The analysis of the presented machine geometry indicates that there is no possibility to reflect the studied type machine with a 2D model, by doing a simple cross-section. For this reason, only 3D (most often FEM) approach was applied in references to determine magnetic field distribution in constructions of this type. A method of creating a 2D model reflecting machine geometric properties in a sufficient way to do calculations of magnetic co-energy is presented below. Figure 1 presents a plane of a cross-section that goes through parts of machine stator and rotor on the way on which the flow of magnetic field closes. The field comes from both permanent magnets placed on machine rotor, as well as from the stator phase winding coil. To accurately determine the value of magnetic co-energy in the studied machine it is necessary to determine magnetic field distribution, considering both sources at the same time.
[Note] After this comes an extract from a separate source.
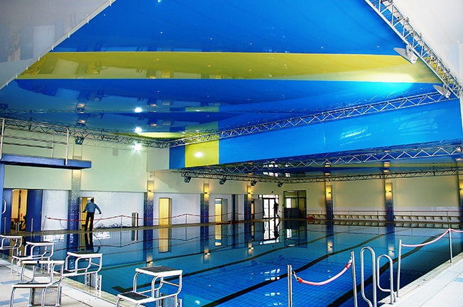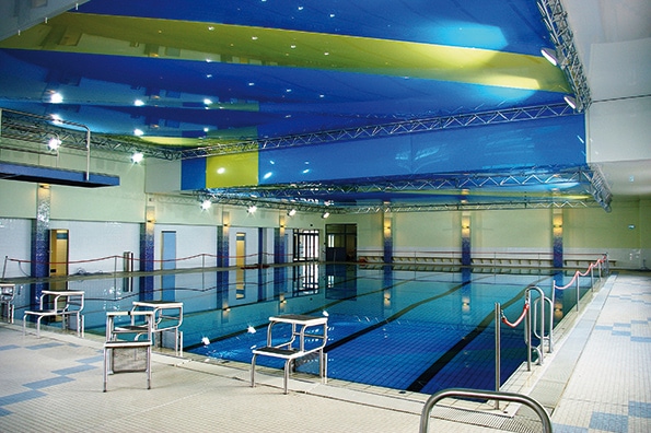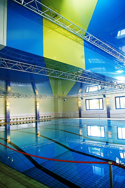 The bicoloured stretch ceiling in the school’s swimming pool is a real highlight. The mirror effect seams to enlarge the room and the acoustic effect is unbeatable.

Thus, in a 2D model it is necessary to:

• Reflect ways on which the magnetic field closes in a studied machine for one phase it is 8 systems that comprise of a pair of permanent magnets, stator yoke, as well as rotor parts (see Figure 1)
• provide a possibility to consider the presence of magnetic field that comes from stator winding phase coil current

To create a 2D model presenting the ways of magnetic field flow in a system, presented in Figure 1, the system was transformed to a 2D model by making a cross-section with simultaneous development of the geometry to a 2D system. This process is presented in Figure 2. A semi-view, semi-cross-section of a machine single pole pitch, with a marked cut line is presented on the left. A front view with a marked direction of geometry development to a 2D system is presented on the right.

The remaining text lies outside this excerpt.